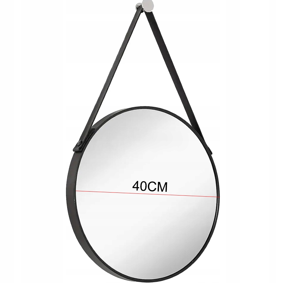 ДЗЕРКАЛО ПІДВІСНЕ НА РЕМЕНІ, КРУГЛЕ, РЕГУЛЬОВАНЕ, ВАННА, ВІТАЛЬНА, ЛОФТ, ЧОРНЕ 40 СМ
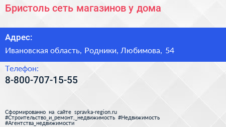 Бристоль, сеть магазинов у дома по адресу Ивановская область, Родники, Любимова, 54 в дальнейшем Организация, размещена в следующих категориях:
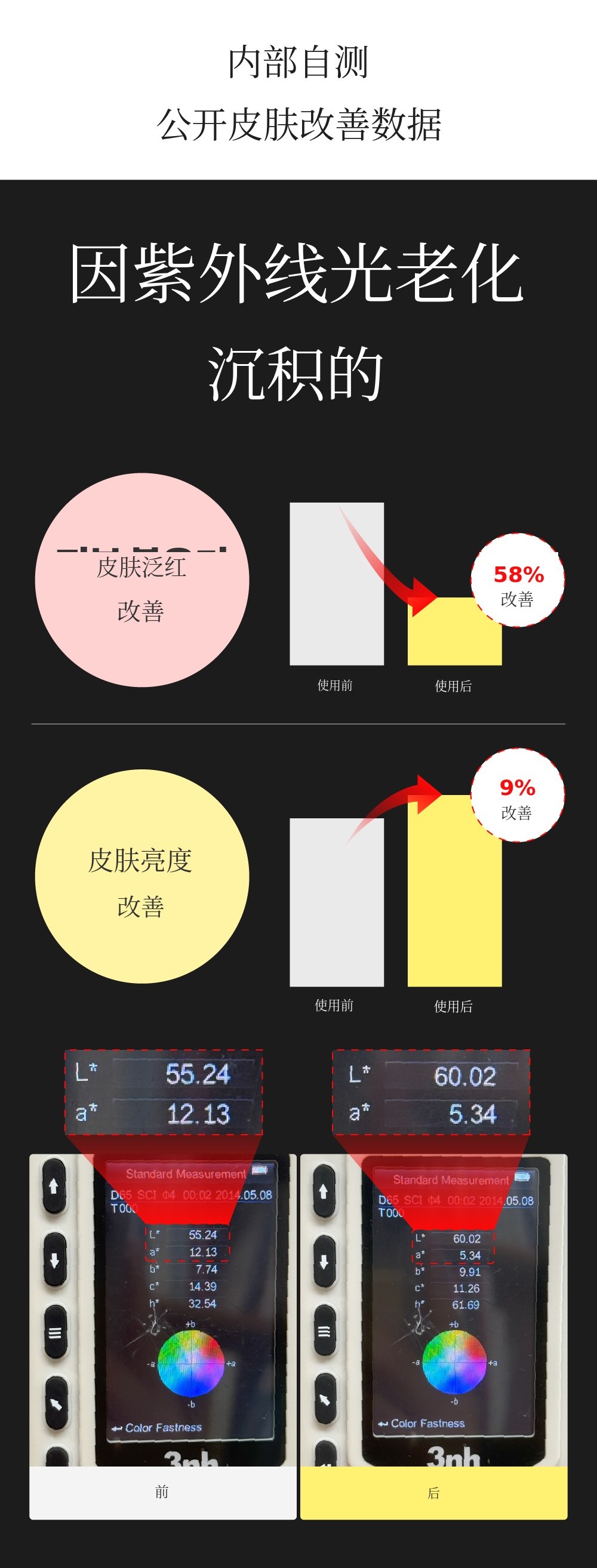 不仅能美白修复皮肤,还能修复因光老化受刺激的皮肤 를
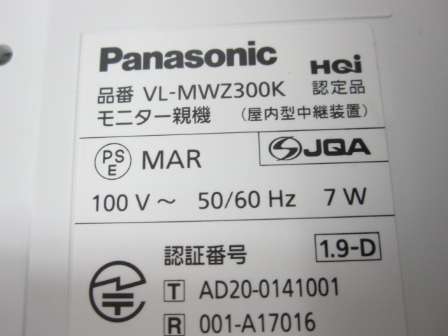 Panasonic パナソニック VL-MWZ300 モニター親機 ドアホン 通電OK
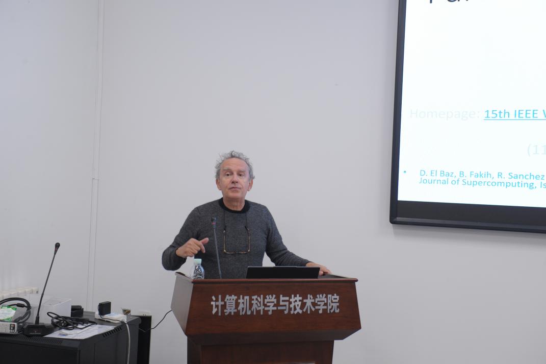 在主题报告环节,DIDIER EL BAZ教授以“多核处理器环境下的并行优化任务”为题,系统阐述了并行最佳优先搜索算法的设计思路与实际应用。他指出,随着现代处理器计算核心数量的持续增加,重新审视并优化经典算法设计,已成为提升复杂应用场景计算性能的关键路径。报告重点介绍了基于最优优先搜索的并行规划算法,该类算法依托异步工作池范式,在多核CPU中实现了良好的线程利用率,能够在多数应用领域中高效求解问题,且不增加额外求解成本。此外,教授还就并行优化领域当前面临的挑战与未来研究方向进行了深入剖析。
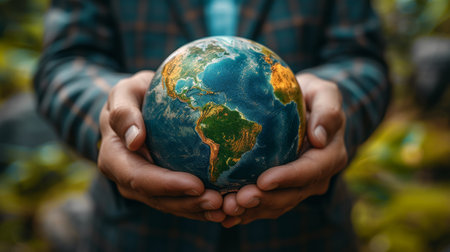 Two hands hold gently a detailed depiction of Earth, showing its blue oceans and green continents. Generative AI
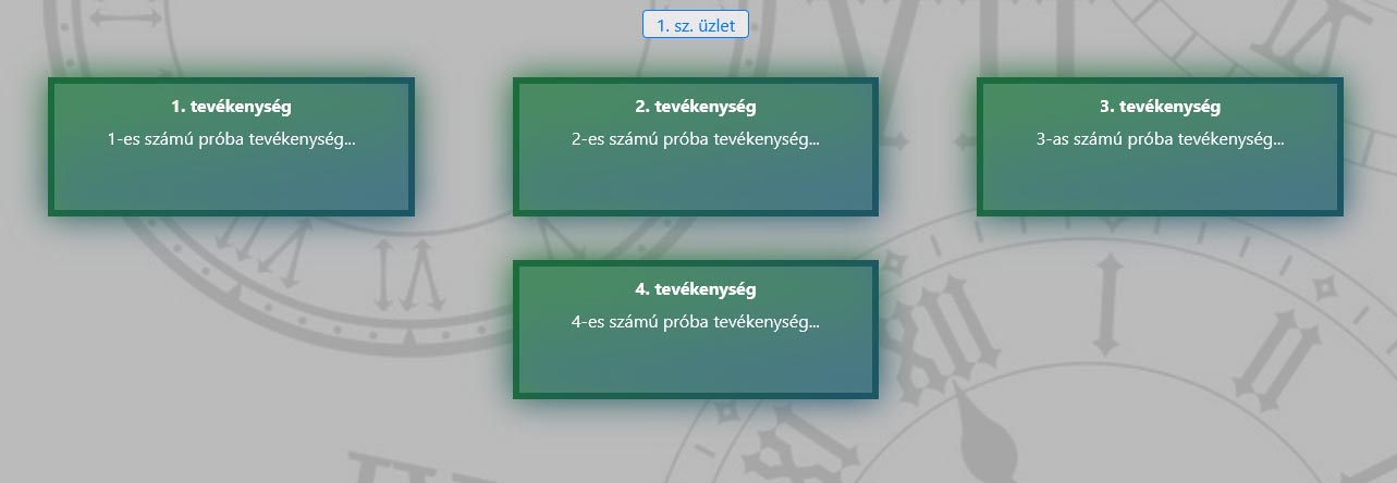 A megjelenő képernyőn a létrehozott üzleteket valamint a hozzájuk kialakított helyiségeket fogod látni. A tevékenységek hozzárendeléséhez kattints a kívánt helyiségre, melyet követően az alábbihoz hasonló táblázatot fogsz látni:
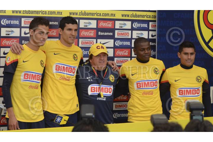 MÉXICO, D.F., 03ENERO2013.- Francisco "El Maza" Rodríguez (segundo de izquierda a derecha), fue presentado como nuevo refuerzo de las Águilas del América en las instalaciones de Coapa. FOTO: IVAN MÉNDEZ /CUARTOSCURO.COM
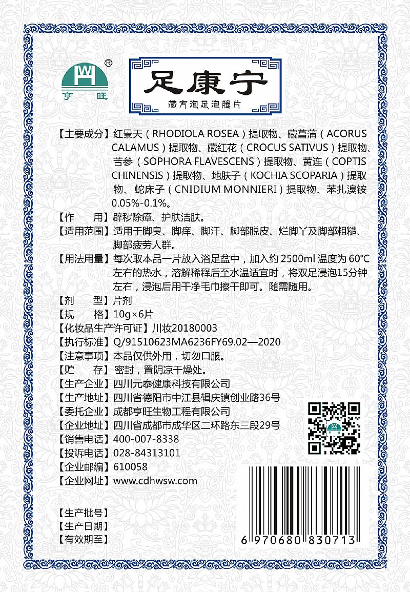 | 用法用量 | 每次取本品一片放入浴足盆中,加入約2500ml溫度為60℃左右的熱水,溶解稀釋后至水溫適宜時(shí),將雙足浸泡15分鐘左右,浸泡后用干凈毛巾擦干即可。隨需隨用。 |
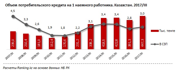 Уровень потребительской закредитованности за год к концу третьего квартала 2017 года вырос на 14,3% (56 тыс тенге) и составил 447,3 тыс тенге на одного наемного работника. Объем потребительской задолженности одного наемного работника перед банком составил три среднемесячных заработных плат (СЗП), годом ранее - 2,8 СЗП.
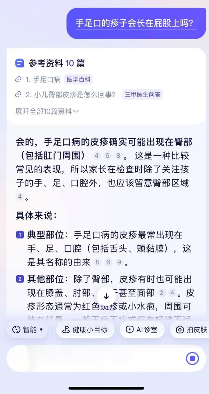 第二天一早,徐女士就带女儿再次前往医院,医生检查后表示“确实是手足口”。“吃了两天药就好了”,徐女士回想起来仍觉得有些不可思议,“本来只是试试看,没想到AI真说准了。”
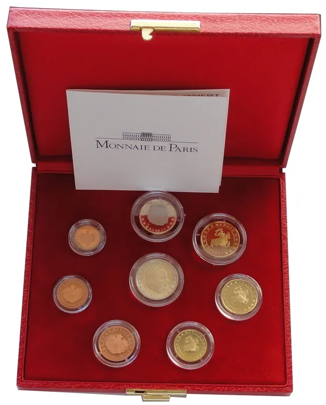 Monaco 3,88 Euro Kursmünzensatz 2001 Polierte Platte im Etui Echt
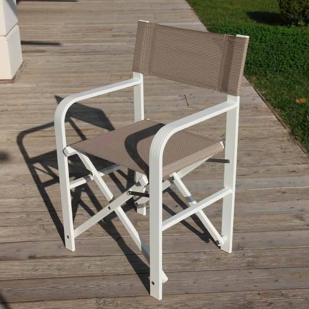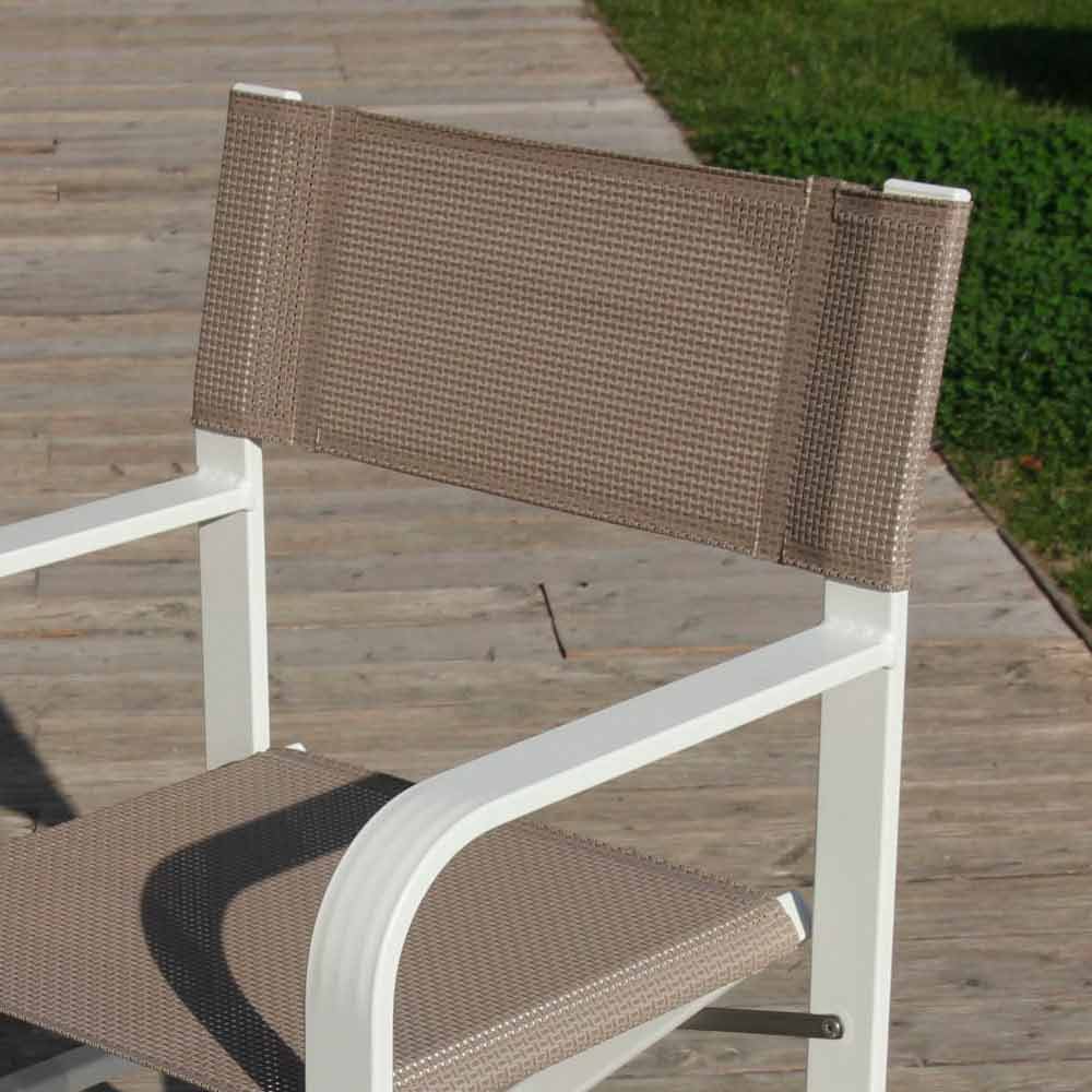 Buitenstoel met structuur in gepoedercoat aluminium en zitting in doorlopende draad van polyester bedekt met pvc, gemaakt in Italië . Een inrichtingsoplossing voor buitenomgevingen, ideaal voor liefhebbers van functionaliteit en functionaliteit, elementen die worden verleend door de comfortabele en gastvrije zitting en de opvouwbare structuur waarmee u de stoel gemakkelijk kunt sluiten voor een minimale afmeting . Dankzij het moderne en essentiële ontwerp past het zich perfect aan de meest uiteenlopende contexten aan en brengt het zijn sobere en eclectische persoonlijkheid met zich mee . De verschillende beschikbare afwerkingen geven het ook een bijzonder veelzijdig karakter, waardoor het op de best mogelijke manier aan elke vraag en behoefte kan voldoen. De hoogwaardige materialen die worden gebruikt in combinatie met het 100% Made in Italy-vakmanschap brengen een lichte en extreem robuuste stoel tot leven, ideaal voor buitenmeubilair van bars, tuinen maar ook stranden en zwembaden.
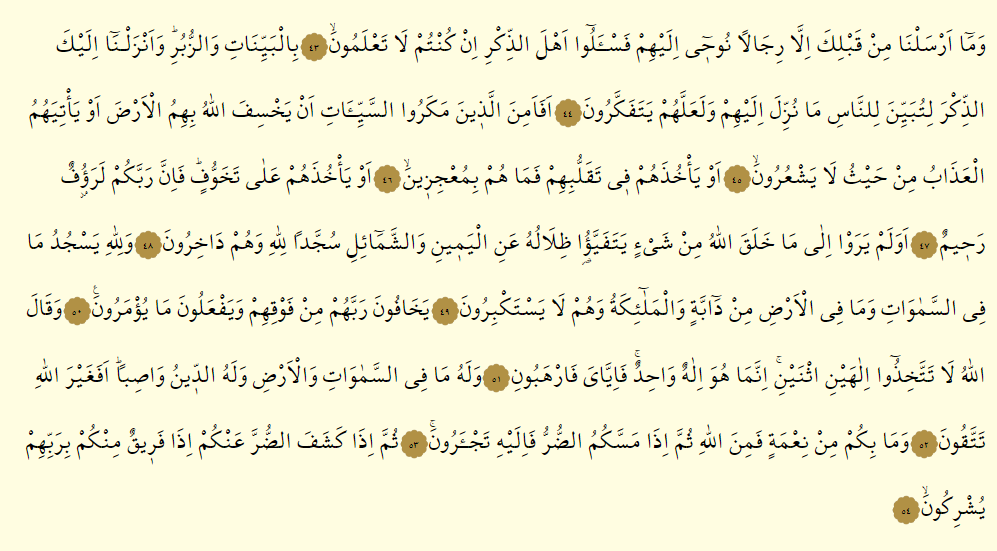 - Bil beyyinati vez zubur, ve enzelna ileykez zikre li tubeyyine lin nasi ma nuzzile ileyhim ve leallehum yetefekkerun.
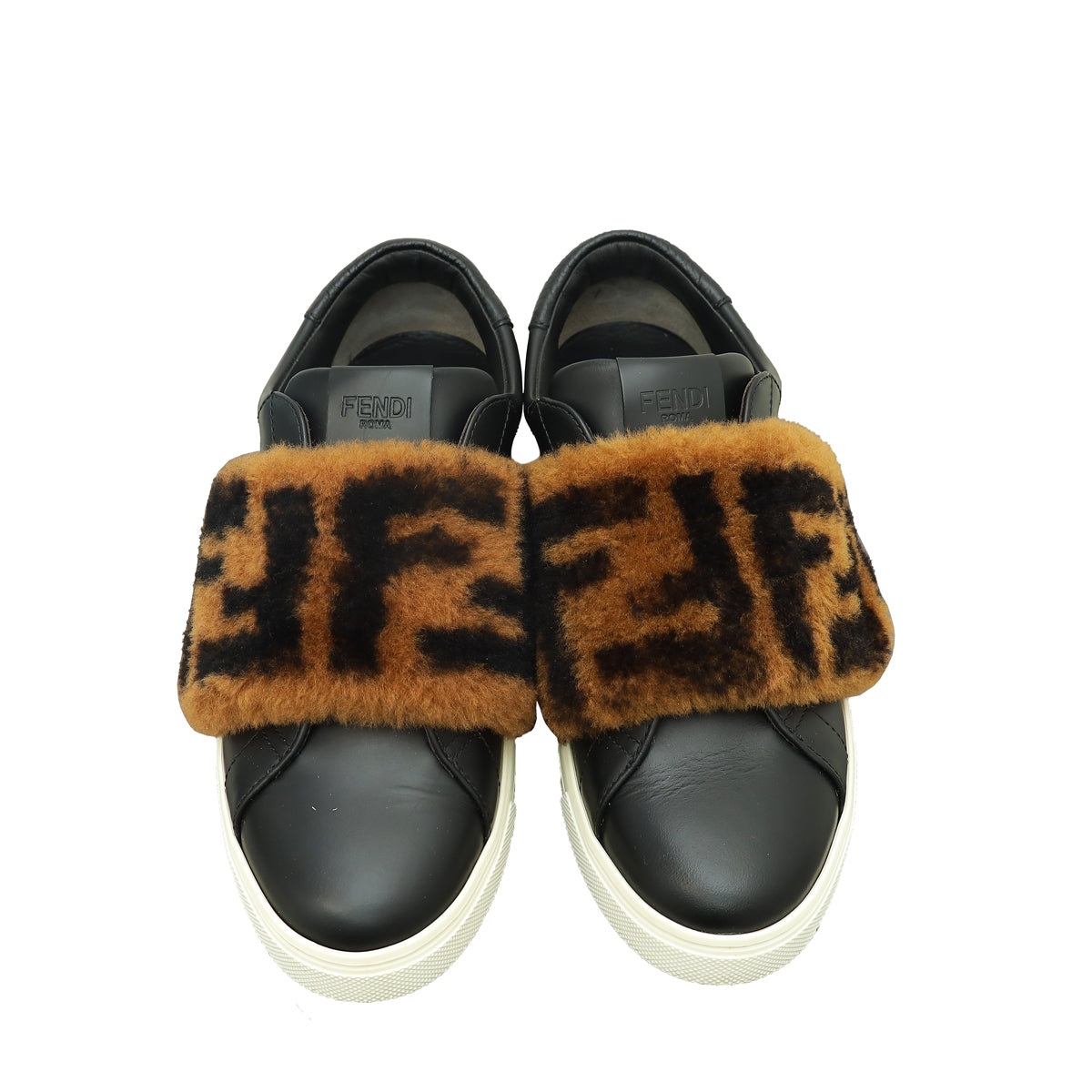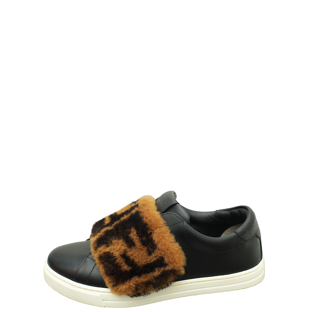 حذاء فندي ثنائي اللون زوكا من جلد العجل والشيرلينغ سهل الارتداء 36
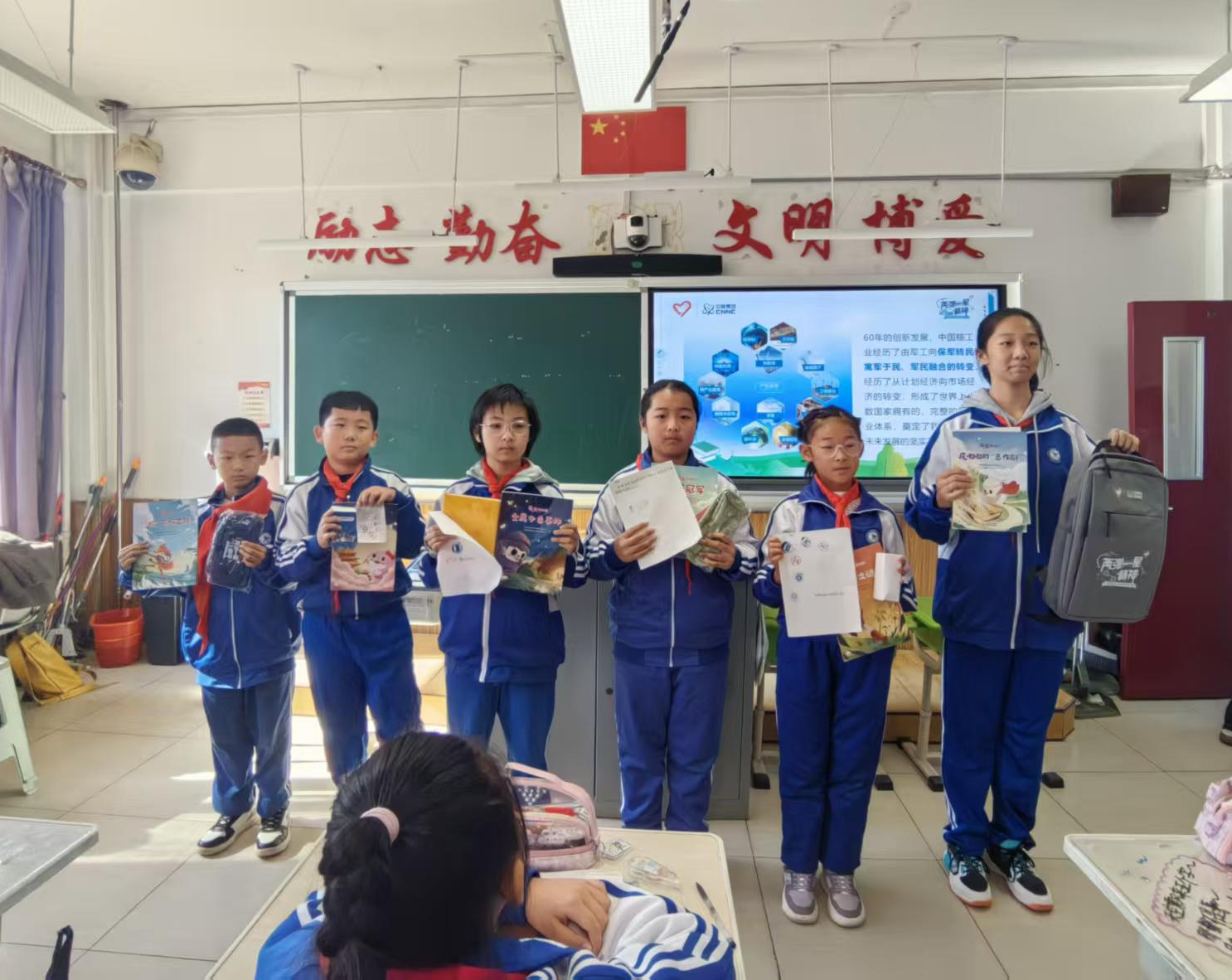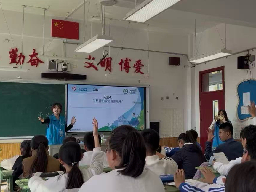 针对初中部学生的认知特点,“承星弹之志,展延大之荣”宣讲团以“深化科学认知,筑牢理想根基”为导向,采用“知识讲解+视频观看+互动问答+总结”的系统化形式,围绕辐射种类、生活应用与安全防护展开深度科普。宣讲中,团队巧妙结合“两弹一星”研制历程中的科学家故事,将“大力协同、无私奉献”的精神内核融入核科技知识讲解:从核电站如何为社会提供清洁能源,到核技术在医疗、农业中的应用,再到科研工作者为突破技术封锁所付出的努力,让同学们在了解核科技价值的同时,深刻体会“国家科技自立自强”的重要意义。现场踊跃的互动问答、充满仪式感的奖品发放与集章留念,不仅强化了知识吸收,更让“热爱祖国、勇担使命”的信念在青少年心中逐步扎根。
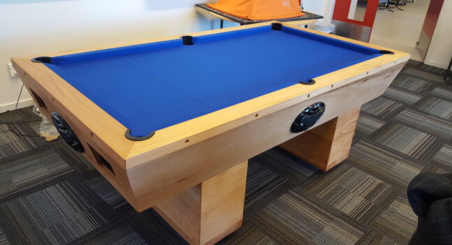 Cameron has used Macrocarpa for the table body and has fitted a media centre (AM, FM, CD and USB), 4 speakers, an amp and strip lighting under the table.
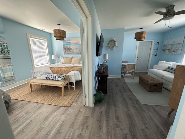 The unit lacks functionality. Dining table in way of door. Washing machine during spin cycle “walked” and sounded like a plane taking off. Things on top fell off because of movement. No dishwasher. Should include instructions for tv’s. Size of tv in bedroom was way too big. The unit needs more room to put your things. We used the kitchen island and living room tv stand (or the floor) for our things since the unit was lacking storage. The outside stairs were metal with grips. For the unit being advertised as dog friendly, the stairs were not! Also, if one is sensitive to equilibrium issues, be aware the floors are extremely uneven! One in our party was frequently holding on to walls or furniture because the floors were so even.
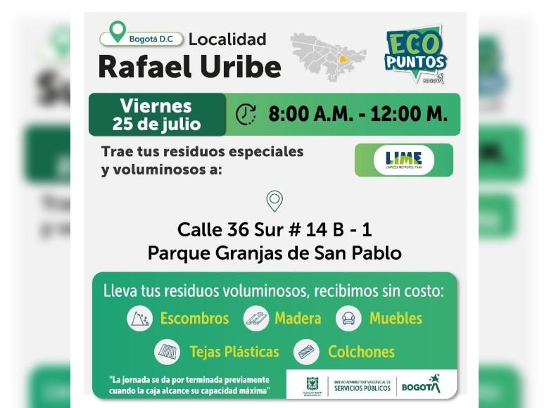 ¡Aquí sí pasa, en Bogotá, mi Ciudad, mi Casa trabajamos para mantener limpia nuestra ciudad! La Unidad Administrativa Especial de Servicios Públicos (UAESP), invita a la ciudadanía que tenga muebles, escombros o enseres en mal estado a llevarlos a los Ecopuntos disponibles en Bogotá que se tendrán ubicados en Puente Aranda, San Cristóbal y más localidades, del 21 al 26 de julio de 2025.
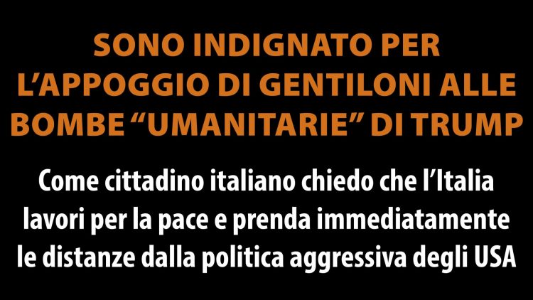 Sono indignato per l’appoggio di Gentiloni alle bombe “umanitarie” di Trump

• _WORK TO COMPLETE_
Go back to the entries above and restate word for word every line from the first through the one that contains "Panasonic パナソニック VL-MWZ300 モニター親機 ドアホン 通電OK", leaving the pictures behind.

• _REPLY TO THE TASK_
 ДЗЕРКАЛО ПІДВІСНЕ НА РЕМЕНІ, КРУГЛЕ, РЕГУЛЬОВАНЕ, ВАННА, ВІТАЛЬНА, ЛОФТ, ЧОРНЕ 40 СМ
 Бристоль, сеть магазинов у дома по адресу Ивановская область, Родники, Любимова, 54 в дальнейшем Организация, размещена в следующих категориях:
 不仅能美白修复皮肤,还能修复因光老化受刺激的皮肤 를
 Panasonic パナソニック VL-MWZ300 モニター親機 ドアホン 通電OK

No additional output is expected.